[Directions] Copy out exactly the lines beginning with the one that contains "Kit Conjunto Colar" and ending at the last line of the listing, skipping any pictures.

[Collected data]
Content starts

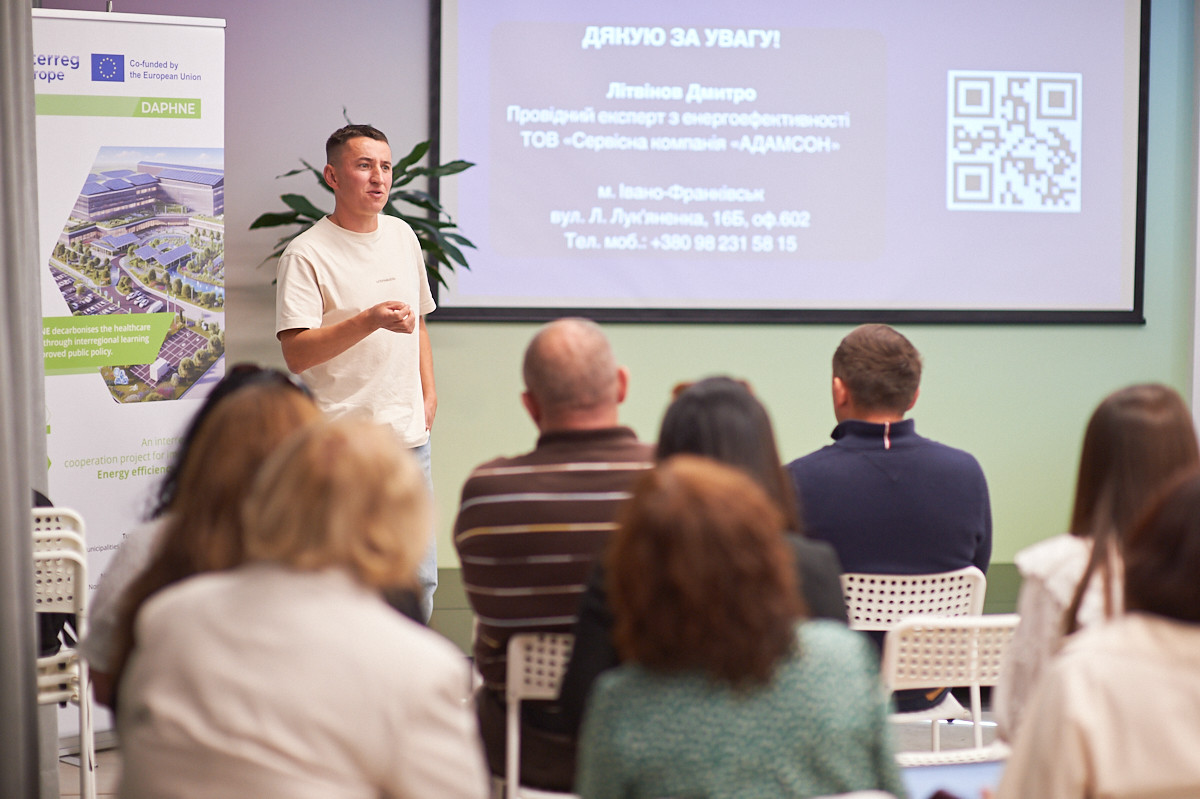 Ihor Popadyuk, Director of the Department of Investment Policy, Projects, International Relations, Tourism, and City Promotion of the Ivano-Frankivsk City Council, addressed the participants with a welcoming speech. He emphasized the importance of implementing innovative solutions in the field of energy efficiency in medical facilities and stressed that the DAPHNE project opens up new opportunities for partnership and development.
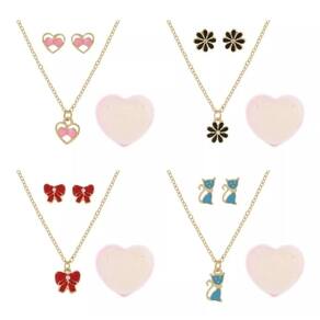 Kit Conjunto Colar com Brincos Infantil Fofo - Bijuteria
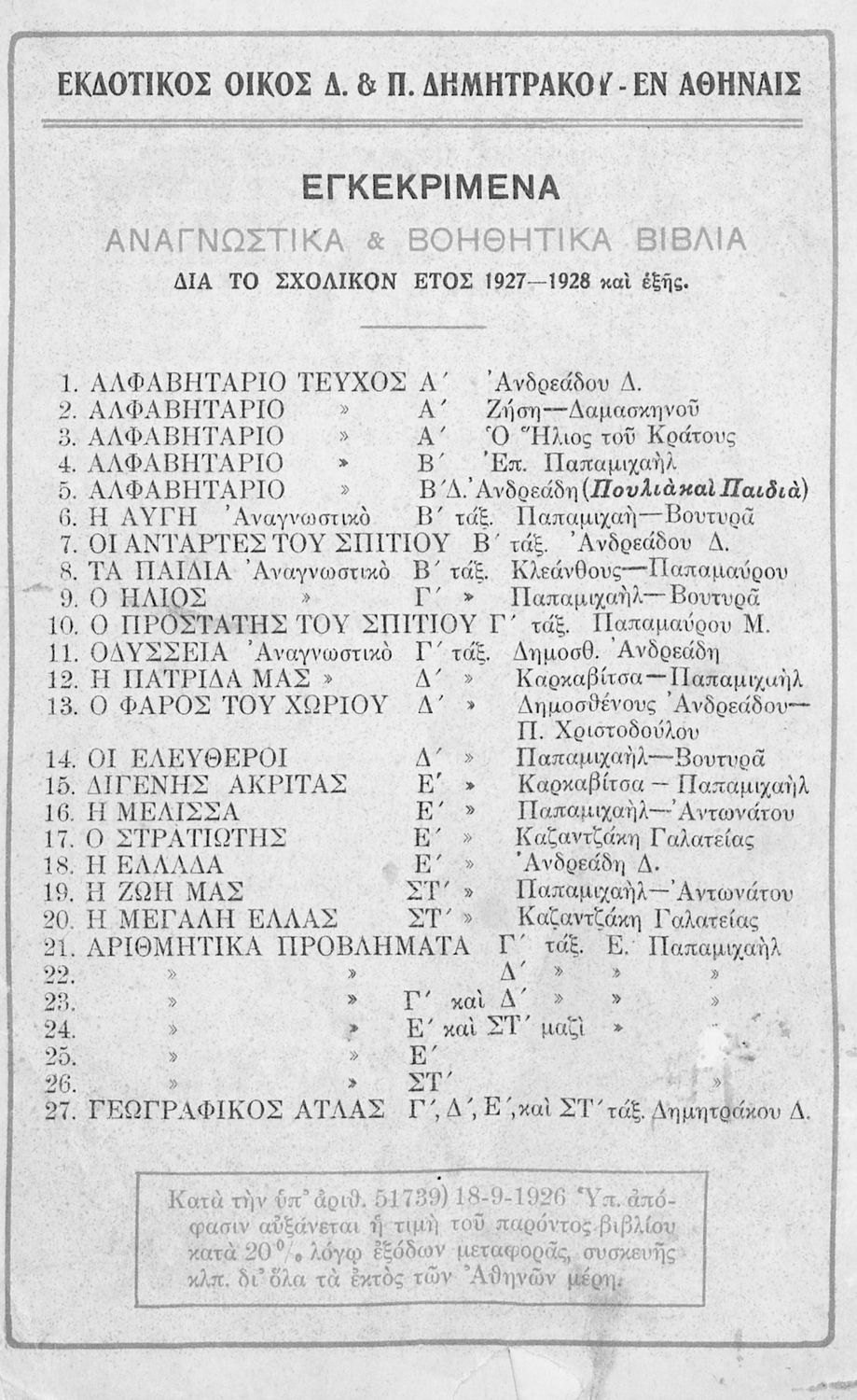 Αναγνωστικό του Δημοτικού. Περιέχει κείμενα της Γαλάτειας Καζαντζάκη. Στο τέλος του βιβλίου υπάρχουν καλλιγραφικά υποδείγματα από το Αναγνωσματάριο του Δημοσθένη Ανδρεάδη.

Content ends

[Finished exercise]
 Kit Conjunto Colar com Brincos Infantil Fofo - Bijuteria
 Αναγνωστικό του Δημοτικού. Περιέχει κείμενα της Γαλάτειας Καζαντζάκη. Στο τέλος του βιβλίου υπάρχουν καλλιγραφικά υποδείγματα από το Αναγνωσματάριο του Δημοσθένη Ανδρεάδη.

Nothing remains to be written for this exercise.